This case was not about one unhappy customer. ASIC sued Telstra Super over the way it handled a large body of member complaints over time. Telstra Super was the trustee of the Telstra Superannuation Scheme and held an Australian financial services licence. Because it dealt with retail clients, it had to maintain a dispute resolution system that included an internal dispute resolution procedure complying with ASIC-approved standards and requirements, as well as membership of AFCA.

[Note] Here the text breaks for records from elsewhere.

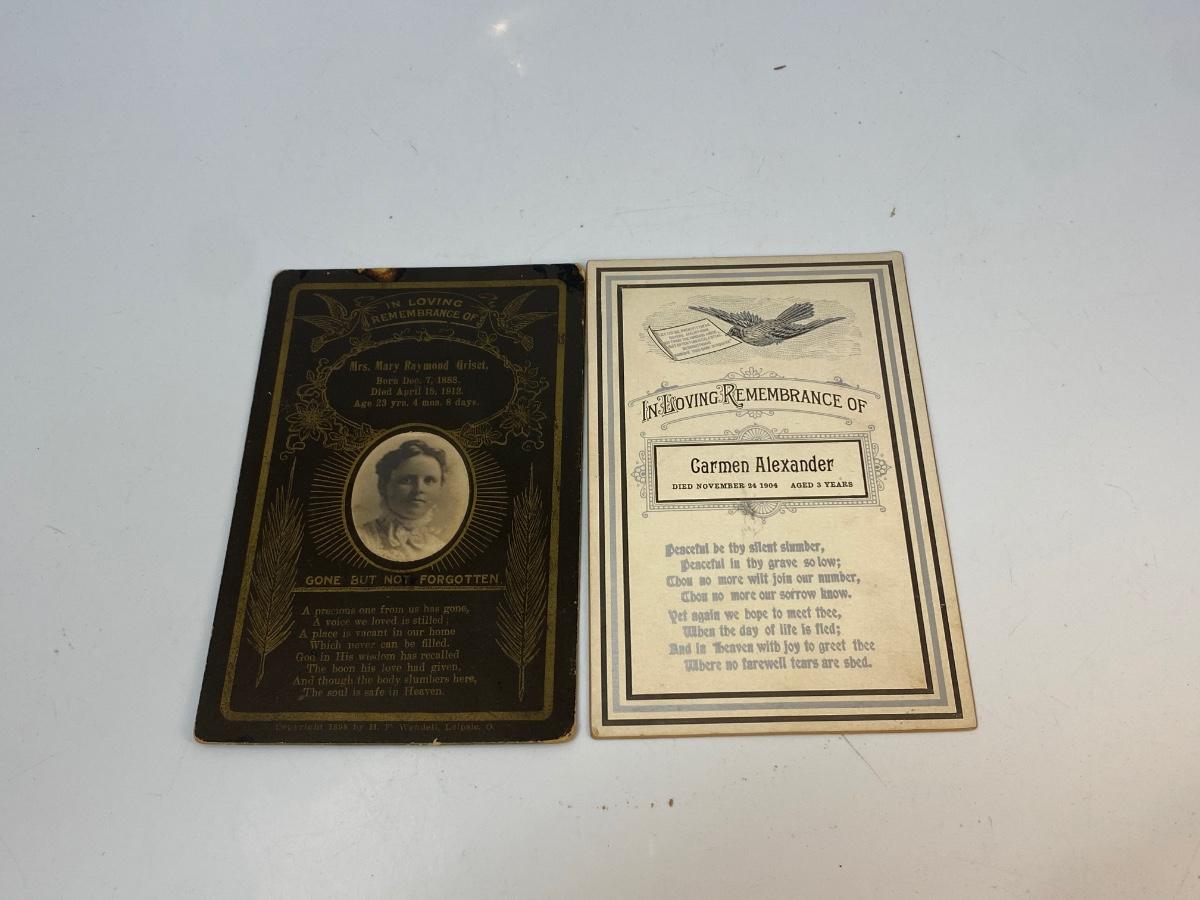 Pair of Antique Victorian Funeral Death Remembrance Cards. From early 1900s.
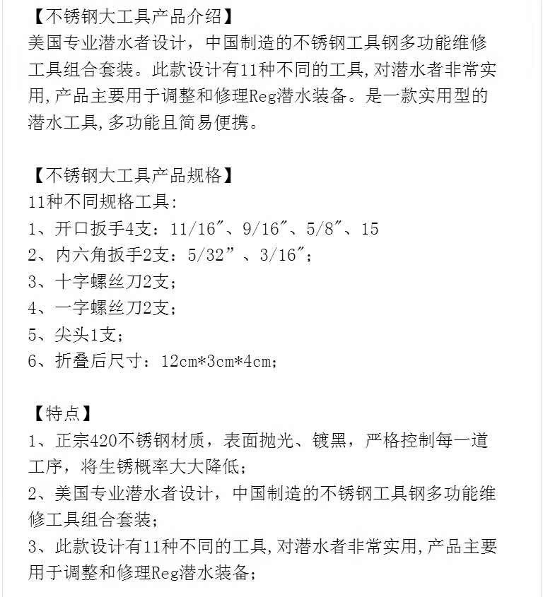 Submersible Multifunction Tool Diving Special Stainless Steel Multifunction Regulator Buoyancy Vest Repair Tool-Taobao
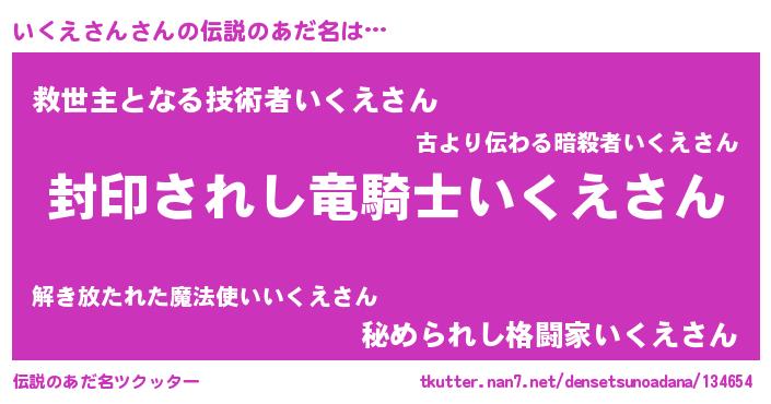 | 男性向けラノベタイトル風あだ名 | 『イクエサンアートオンライン』 |
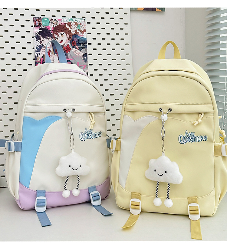かわいいぬいぐるみスクールバッグ女子中学生漫画キャンパスダブルバックパック新しい大容量通勤シンプルなバックパック
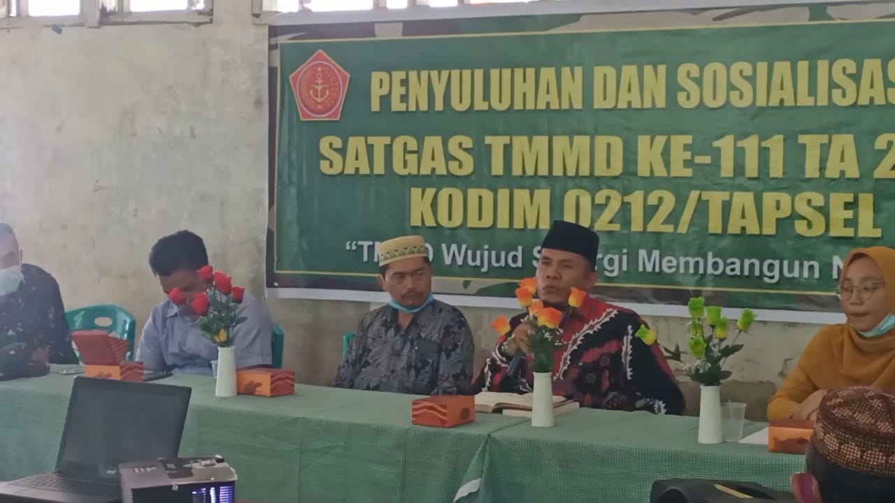 Satgas TMMD ke 111 Kodim 0212/TS berlokasi di lokasi Penyuluhan Agama di Kantor Desa Siuhom, Kec. Angkola Barat, Kab. Tapanuli Selatan,Kementerian Agama Kota Padang Sidempuan, Muhammad Nuh Hsb, S.Sos, Minggu (27/6/2021) mengatakan Satgas selengarakan program non fisik penyuluhan agama di TMMD Kodim Tapsel. (*)
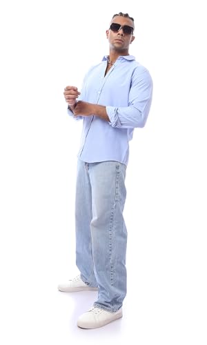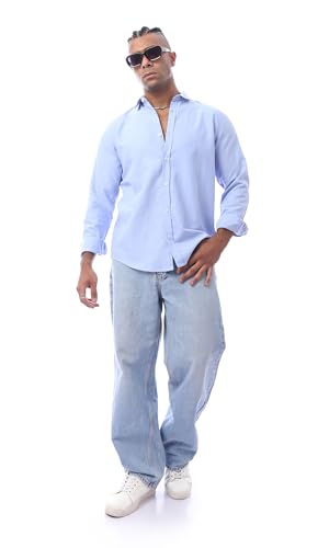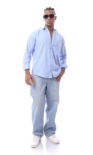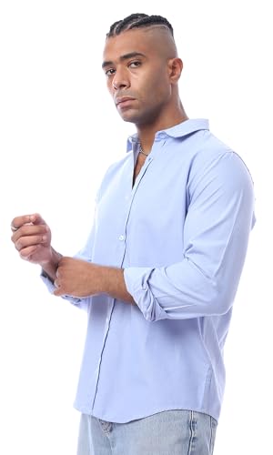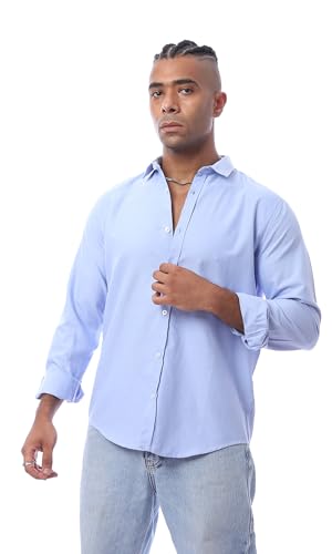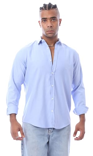 Ravin - Ravin Mens Light Blue Solid Casual Long Sleeves Shirt Modern
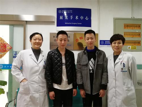 在做好了两天的氧氟沙星消炎眼睛后,兄弟俩来到医院。手术护士为兄弟俩做好术前准备,等待着手术中,弟弟对手术显得很兴奋,而哥哥却格外紧张,不知道接下来的手术会怎样。带着忐忑的心情,弟弟先被带进手术室,经过五分钟的手术后,顺利走出手术室,看的出,哥哥已经没有了先前的紧张,哥哥迫不及待的问弟弟手术情况,弟弟很轻松地回答:“一点也不疼,我现在感觉很好。”哥哥有了弟弟这番话后更加有信心,同样也是五分钟,顺利走出手术室。 术后第一天进行的复查,两兄弟都恢复得不错,两个眼睛都是1.2,兄弟俩为以后不用再戴眼镜兴奋不已。
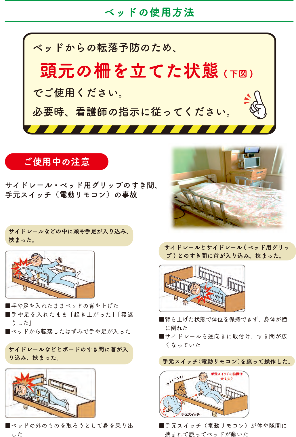 皆様が安全な入院生活が送れますように、実際に転倒・転落をしやすい場面と、その予防方法について説明させていただきます。
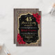 Desenho elegante rústico com padrão de madeira marrom escuro, dourado brilhante falso e rosas vermelhas rubi.
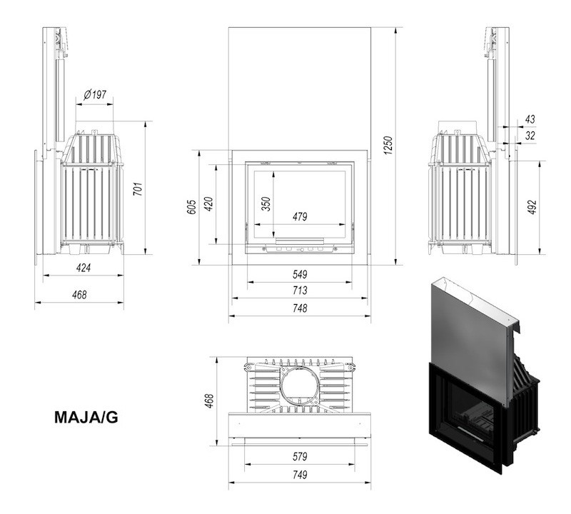 KRATKI MAJA/G 12 kW krbová vložka teplovzdušná, výsuvné skloVýkon: 12 kW

From 5 October 2021, those standards and requirements were set through ASIC’s Internal Dispute Resolution Instrument 2020/98. The instrument incorporated enforceable parts of Regulatory Guide 271. Telstra Super’s own complaints policy and business rules substantially replicated those standards. That mattered because the case was not really about whether Telstra Super had a policy on paper. The real question was whether it followed that procedure in practice when handling member complaints.
ASIC alleged that across 323 complaints received between 22 October 2021 and 13 January 2023, Telstra Super committed 204 breaches of its IDR procedure across 125 complaints. The allegations included late IDR responses, use of exceptions that ASIC said were unavailable, delay notifications that did not properly explain the reasons for delay, and some IDR responses that omitted AFCA rights information and AFCA contact details. ASIC also said the problems were linked to inadequate resourcing and amounted to a broader failure to provide financial services efficiently, honestly and fairly.
Telstra Super admitted some failures, denied others, and challenged whether ASIC’s instrument validly imposed a legal obligation to comply with the IDR procedure itself. That made the case important beyond the individual complaints. It tested whether complaint handling failures under the IDR framework could amount to contraventions of the Corporations Act.